### ACTIVITY
Line by line, print the records exactly, and keep images out of the copy.

Records from a data source:
● ● ● ● ●

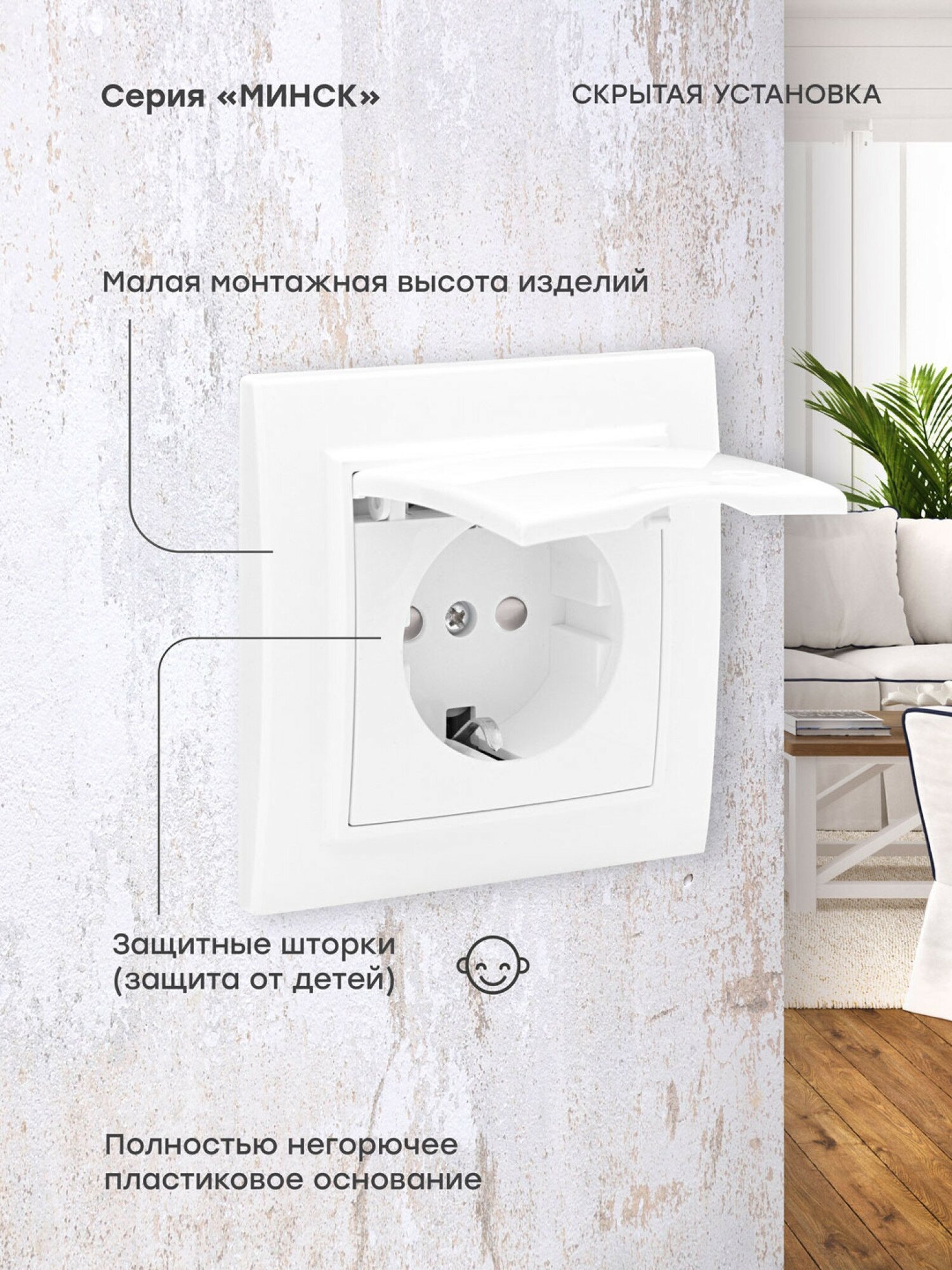 Розетка 1 пост EKF Минск, 16А с заземлением, с защитной шторкой с крышкой, белый. Универсальная и наиболее популярная серия электроустановочных изделий 'EKF PROxima'. Подходит для использования в любых типах помещений. Включает весь необходимый набор изделий для решения максимально широкого спектра задач по электроустановке.Электрическая розетка – это разъем для подключения электрических приборов с помощью вилки. Защитное заземление розетки обеспечивает защиту электроустановки и оборудования, а также защиту людей от воздействия тока. В каждом доме есть достаточное количество приборов, заземление которых обязательно. Как правило, это устройства с большой потребляемой мощностью — электроплиты, стиральные машины и т. д. Обычная розетка имеет два контакта (фаза и рабочий ноль). Розетка с заземлением имеет третий контакт, соединенный с заземляющим проводом. Через него в землю отводится статическое электричество, а также опасные напряжения и токи, возникающие в приборах в результате пробоя на корпус. Схемы подключения розеткиПрежде всего, отключите автомат в электрощите помещения, где Вы будете устанавливать розетку. Приступать к работе нужно только после того, как Вы убедитесь, что в сети отсутствует напряжение!Для начала проложите провод, установите подрозетник и заведите в него проводник. Теперь непосредственно схема подключения. При монтаже изделий, на каждый контакт от одной, до другой розетки присоединяются провода одного цвета. На третий контакт подключается только заземляющий.Способов подключения всего два:- Прямое подключение.- Параллельное подключение.При прямом подключении розетки подсоединяются одна за другой. При параллельном подключении – их разветвляют с помощью распределительных коробок. Такой вид монтажа применяют, когда недалеко от одной розетки нужно установить еще одну. К примеру, на другой стороне стены в соседнем помещении.
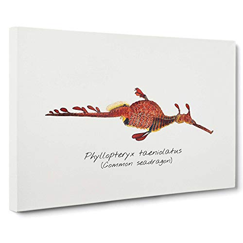 Big Box Art Illustration of a Common Seadragon by F.E. Clarke Canvas Wall Art Framed Picture Print, 30 x 20 Inch (76 x 50 cm), White, Red, Grey, Brown
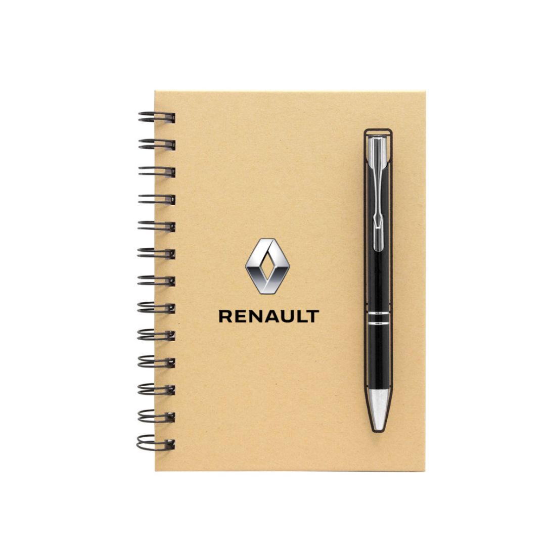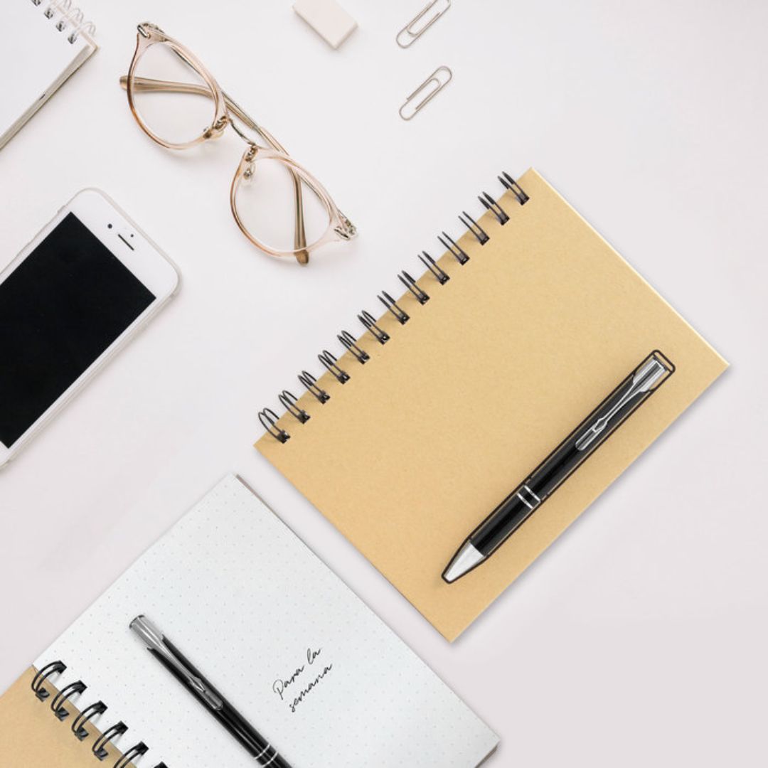 Descripción general del producto: 13 x 18 cm. Libreta color Kraft, anillado metálico y 70 hojas punteadas de 70g. Bolígrafo metálico (BP295) color negro con tinta negra. Mediante sistema de imanes el bolígrafo queda sujetado a la tapa, causando un efecto sorprendente.
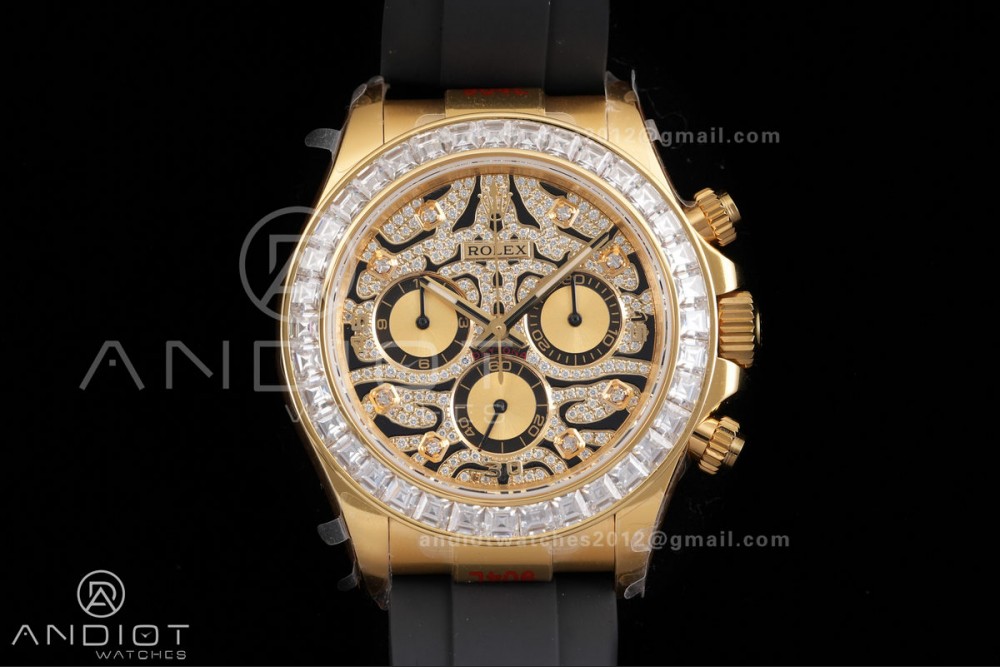 Daytona 116588TBR 'Eye Of The Tiger' YG 3CF 1:1 Best Edition Tiger Diamonds Dial on Oysterflex Strap DD4130 V2 (Mod Version)
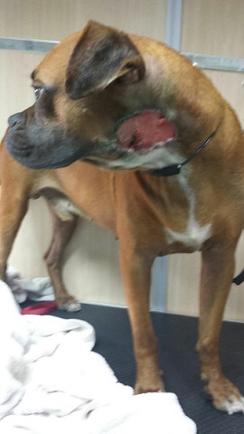 Wenn man seine Wunden versorgt, macht er nicht die geringste Bewegung und erträgt wie ein Held die Schmerzen. Ausserdem fehlt ihm ein halbes Ohr. Wir können uns vorstellen, dass man versucht hat diese selber zu kupieren.
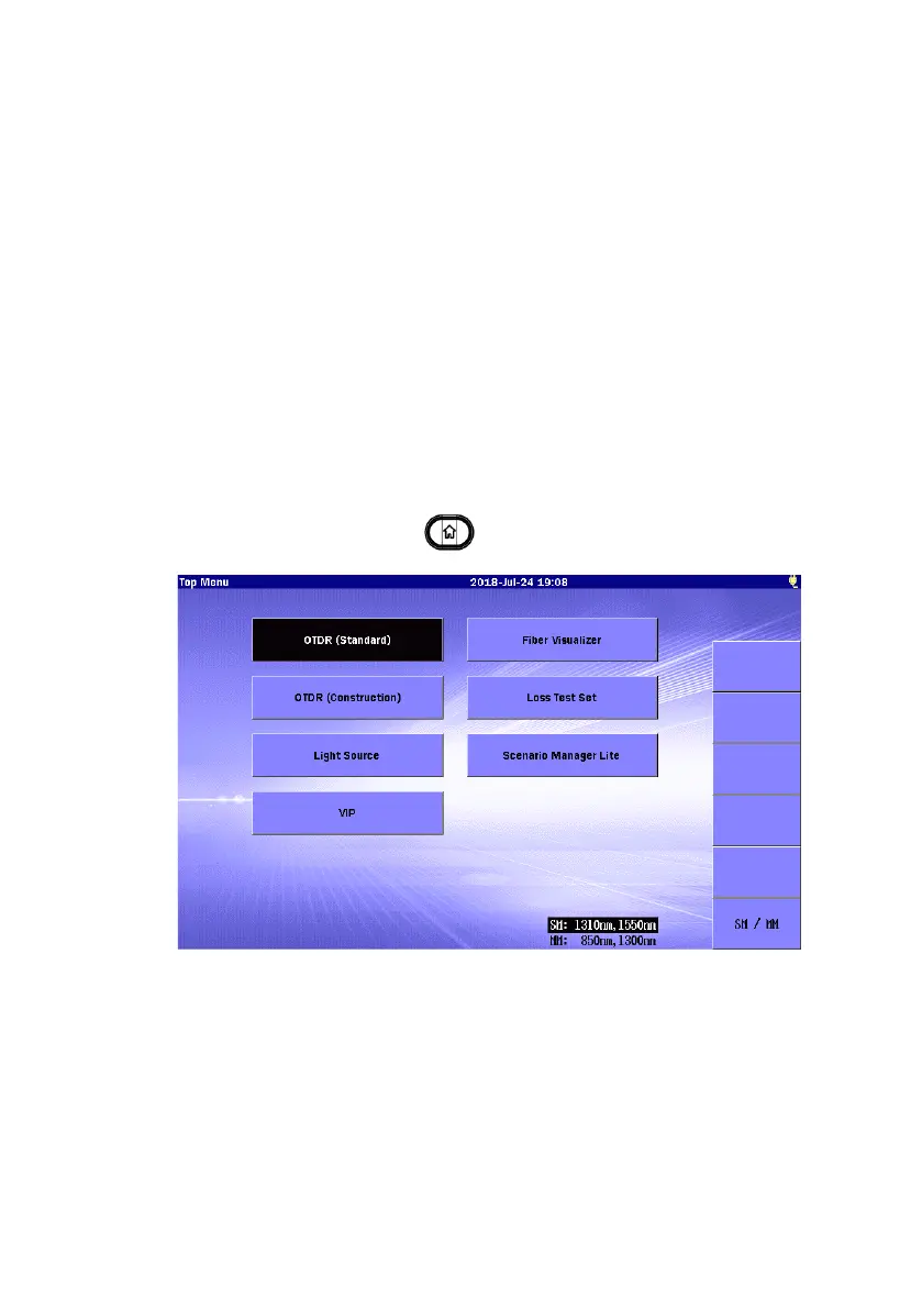 Menu is displayed. Also, you can return from another screen to Top
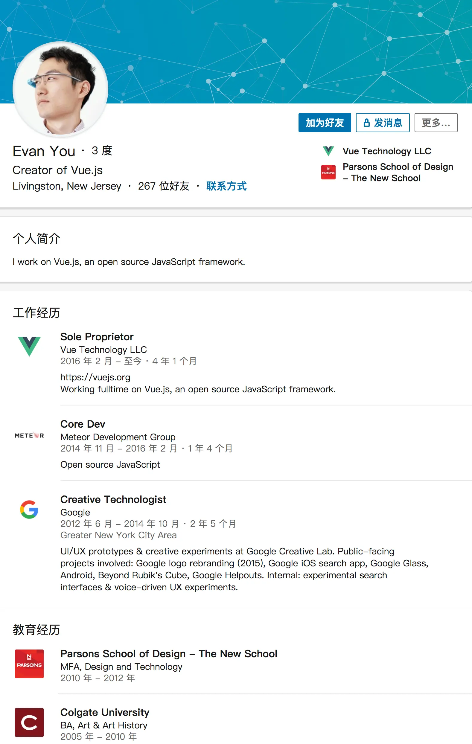 Vue.js 的作者尤雨溪讲了自己作为开发者的四个阶段:学生阶段、就职 Google 阶段、就职 Meteor 阶段和全职 Vue 阶段。这与他的 LinkedIn 个人主页也是对应的:
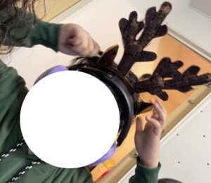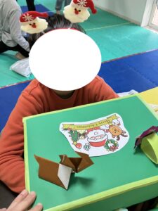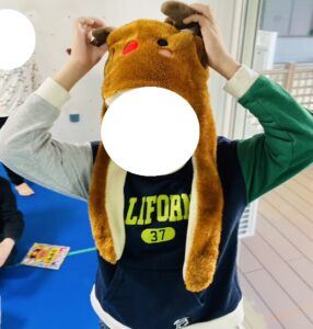 子どもたちもクリスマスらしい被り物やカチューシャをつけてウキウキです😊🎵
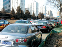 昨天是位于西城區的中央音樂學院的考級日,考場門前出現了眾人趕考的火爆場面。其中不少孩子都是乘坐家長開的“專車”來考試,浩浩蕩蕩的趕考車隊很快將中央音樂學院內部的停車位占滿,而后又排到了學院西門外的二環輔路上,停放了百米多長。雖有交警疏導,此路段仍然較為擁堵,車輛行進十分緩慢。
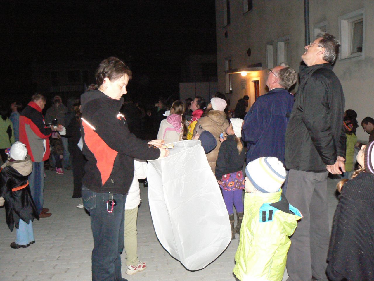 Pohľad všetkých prítomných na vypustené balóny šťastia.Autor: Janka Knoppová

● ● ● ● ●

### YOUR RESPONSE
 Розетка 1 пост EKF Минск, 16А с заземлением, с защитной шторкой с крышкой, белый. Универсальная и наиболее популярная серия электроустановочных изделий 'EKF PROxima'. Подходит для использования в любых типах помещений. Включает весь необходимый набор изделий для решения максимально широкого спектра задач по электроустановке.Электрическая розетка – это разъем для подключения электрических приборов с помощью вилки. Защитное заземление розетки обеспечивает защиту электроустановки и оборудования, а также защиту людей от воздействия тока. В каждом доме есть достаточное количество приборов, заземление которых обязательно. Как правило, это устройства с большой потребляемой мощностью — электроплиты, стиральные машины и т. д. Обычная розетка имеет два контакта (фаза и рабочий ноль). Розетка с заземлением имеет третий контакт, соединенный с заземляющим проводом. Через него в землю отводится статическое электричество, а также опасные напряжения и токи, возникающие в приборах в результате пробоя на корпус. Схемы подключения розеткиПрежде всего, отключите автомат в электрощите помещения, где Вы будете устанавливать розетку. Приступать к работе нужно только после того, как Вы убедитесь, что в сети отсутствует напряжение!Для начала проложите провод, установите подрозетник и заведите в него проводник. Теперь непосредственно схема подключения. При монтаже изделий, на каждый контакт от одной, до другой розетки присоединяются провода одного цвета. На третий контакт подключается только заземляющий.Способов подключения всего два:- Прямое подключение.- Параллельное подключение.При прямом подключении розетки подсоединяются одна за другой. При параллельном подключении – их разветвляют с помощью распределительных коробок. Такой вид монтажа применяют, когда недалеко от одной розетки нужно установить еще одну. К примеру, на другой стороне стены в соседнем помещении.
 Big Box Art Illustration of a Common Seadragon by F.E. Clarke Canvas Wall Art Framed Picture Print, 30 x 20 Inch (76 x 50 cm), White, Red, Grey, Brown
 Descripción general del producto: 13 x 18 cm. Libreta color Kraft, anillado metálico y 70 hojas punteadas de 70g. Bolígrafo metálico (BP295) color negro con tinta negra. Mediante sistema de imanes el bolígrafo queda sujetado a la tapa, causando un efecto sorprendente.
 Daytona 116588TBR 'Eye Of The Tiger' YG 3CF 1:1 Best Edition Tiger Diamonds Dial on Oysterflex Strap DD4130 V2 (Mod Version)
 Wenn man seine Wunden versorgt, macht er nicht die geringste Bewegung und erträgt wie ein Held die Schmerzen. Ausserdem fehlt ihm ein halbes Ohr. Wir können uns vorstellen, dass man versucht hat diese selber zu kupieren.
 Menu is displayed. Also, you can return from another screen to Top
 Vue.js 的作者尤雨溪讲了自己作为开发者的四个阶段:学生阶段、就职 Google 阶段、就职 Meteor 阶段和全职 Vue 阶段。这与他的 LinkedIn 个人主页也是对应的:
 子どもたちもクリスマスらしい被り物やカチューシャをつけてウキウキです😊🎵
 昨天是位于西城區的中央音樂學院的考級日,考場門前出現了眾人趕考的火爆場面。其中不少孩子都是乘坐家長開的“專車”來考試,浩浩蕩蕩的趕考車隊很快將中央音樂學院內部的停車位占滿,而后又排到了學院西門外的二環輔路上,停放了百米多長。雖有交警疏導,此路段仍然較為擁堵,車輛行進十分緩慢。
 Pohľad všetkých prítomných na vypustené balóny šťastia.Autor: Janka Knoppová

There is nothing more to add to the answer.